Она шла на радио к знакомой журналистке Лоуэлле Парсонс. Та, к счастью, была на месте. Лоуэлла вела отдел светской хроники и была известна большим знанием жизни великих и богатых. Мэри не была так близка дружна с Парсонс, как, например, с Розалиндой Бейкер, но поддерживала с ней хорошие отношения.

–Здравствуйте, мисс Мэри. – Приветствовала ее Лоэулла.

–Здравствуйте, милая Лоуэлла. – Ответила ей Мэри. Не в ее правилах было сразу же приступать к делу. – Как зайду в корреспондентский пункт, так чувствую родную стихию. Хочется бросить семейную жизнь и вновь стать журналисткой.

–Вас, мисс Мэри, мы всегда возьмем к себе на работу. – Ответила Парсонс и предложила Мэри сигареты. Та взяла, и они закурили. – В связи с расширением зоны информации, работы много. Не успеваем собирать все сплетни, происходящие в мире. Нам нужны опытные журналисты. Приходите к нам.

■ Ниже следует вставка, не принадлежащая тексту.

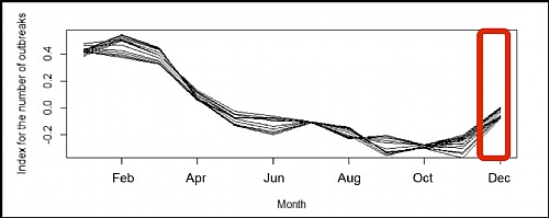 תוך שימוש בדיווחים שהועברו ל-OIE בין השנים 2005 ל-2019 על ידי 76 מדינות שנפגעו משפעת העופות, סך הכל 18,620 התפרצויות בעופות, בוצע ניתוח מגמות כדי לראות האם קיים דפוס עונתי למחלה.

Парсонс говорила и вела себя чисто по-мужски. Профессия журналиста выработала в ней мужскую хватку, которую она подчеркивала не только своим поведением, но и одеждой – рубашка на голое тело, брюки и сандалии.

–Нет. Мне уже поздно возвращаться к старой работе. – Деланно вздохнула Мэри. – Жизнь с таким человеком, как Хемингуэй, не позволяет заниматься любимой работой.

–Кстати, о любимой… – Парсонс смахнула пепел с кончика сигареты на пол. – Ходят слухи, что он гуляет с молодой девицей? При вас, Мэри. Правда это? – Напрямую спросила Парсонс. Она не привыкла к церемониям в журналистском деле.

И Мэри вдруг засмущалась. Говорить правду, – признать свое поражение, неправду, – зачем тогда она сюда пришла? И она осторожно начала.

–Да. Мы пригласили к себе погостить графскую семью – мать и дочь. Хемингуэй дочери стал уделять достаточно много внимания. В последнее время. – Уточнила Мэри. – Дорогая Лоуэлла, знайте, что никакой опасности для нашей семейной жизни молодая графиня не представляет. Но, немного, неприятно. – Мэри поморщилась, глубоко затянулась сигаретой и закашлялась.

Парсонс сразу поняла, что Мэри не договаривает правды, но поддержала ее.

–Кому приятно иметь такое соседство. А сколько лет этой молодой особе?

–Двадцать. А ему, вы знаете, летом будет пятьдесят два. Старческий маразм. – Подчеркнула Мэри.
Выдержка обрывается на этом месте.